Последние фразы Шатров произнес по-английски, чем доставил удовольствие мистеру Картеру. Во всяком случае, тот щедро изобразил его на своем лице.
– Прекрасное произношение! Где и когда вы изучили английский? В Америке?
– Дома, в Донбассе.
– Да?
– Представьте, это так. И знаете, кто меня учил? Дочь гувернантки знаменитого Юза. Лет двадцать тому назад.
– Юза? – удивился Картер. – Это который же Юз?
– Тот самый. Владелец крупнейшего металлургического завода на юге России. Английский инженер. Капиталист. Концессионер. Его именем впоследствии был назван город, где я родился. Юзовка. Слыхали? Разумеется, слыхали. Вероятно, даже имели свою агентуру в Юзовке. Или пытались иметь.
– Мой друг, будьте до конца великодушны.
– Постараюсь. Не кажется ли вам, что вы, отстаивая и расхваливая американский образ жизни, принимаете ложь за истину?
– Нет, не кажется. Всему миру известно, что мы производим стали, чугуна, нефти и угля больше, чем многие страны, вместе взятые. Автомобили ползают по нашей земле, как муравьи. Американскими бетонными дорогами можно было бы опоясать весь земной шар.

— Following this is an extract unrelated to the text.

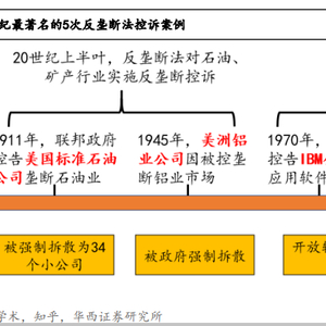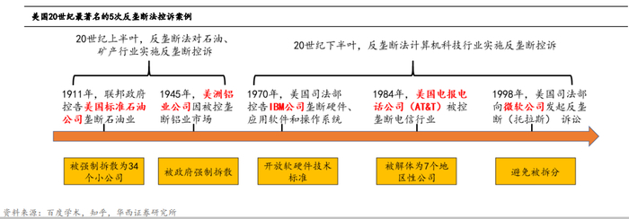 20世纪出现了包括美国标准石油、美洲铝业公司、IBM、AT&T、微软公司在内的五反托拉斯事件,其中的前四个案例,被控告垄断的企业最终不是被拆解就是被要求开放其垄断的市场,而只有在“合众国诉微软”一案中,双方最后达成了和解。

– Верно, много хороших вещей делают талантливые американцы. Но почему, скажите, в вашей стране так оскорблен, унижен тот, кто трудится? Почему труд не доставляет человеку радости и счастья? Ненавидят люди свою работу и все-таки работают? Почему вы прославляете великих бизнесменов и плюете с небоскреба на рядового труженика? Почему США не вырастили своих ученых, способных расщепить атом и создать атомную бомбу? Создавал бомбу настоящий иностранный легион – немцы, датчане, англичане, норвежцы, венгры, итальянцы. Почему Америка не порадовала мир великими композиторами, балеринами, актерами, а вынуждена экспортировать Артура Рубинштейна, Тосканини, Рахманинова, Стоковского, Стравинского и многих, многих других? Почему в стране, производящей более половины промышленной продукции всего мира, имеющей высотные дворцы, сверкающие стеклом, алюминием, нержавеющей сталью, семнадцать миллионов американцев живет в непригодных для жилья домах? Как совместить небоскребы с клоакой Бауэри, Гарлемом? Трущобы Бауэри существуют в Нью-Йорке с незапамятных времен. Но вы не подсчитали, сколько здесь гибнет от холода и голода бездомных людей. Зато вы охотно подсчитываете другое. Из вашей прессы известно, что в Нью-Йорке благоденствует полмиллиона комнатных собак. Их стригут и бреют дорогие собачьи парикмахеры, их кормят в особых собачьих ресторанах. Меховщики подбирают для собачьих шуб шкурки – собольи, песцовые, норковые. В ювелирных магазинах продаются собачьи ошейники с бриллиантами. На заводах и фабриках производятся собачьи витаминные таблетки, консервы, чулки, перчатки, попоны, бубенчики, маникюрные принадлежности и даже розовая ароматная водичка для полоскания и облагораживания поганой собачьей пасти. Американцы так изобретательны, что рядом с человеческим хай сосайети создали и собачье высшее общество. Браво, свободолюбивые американцы!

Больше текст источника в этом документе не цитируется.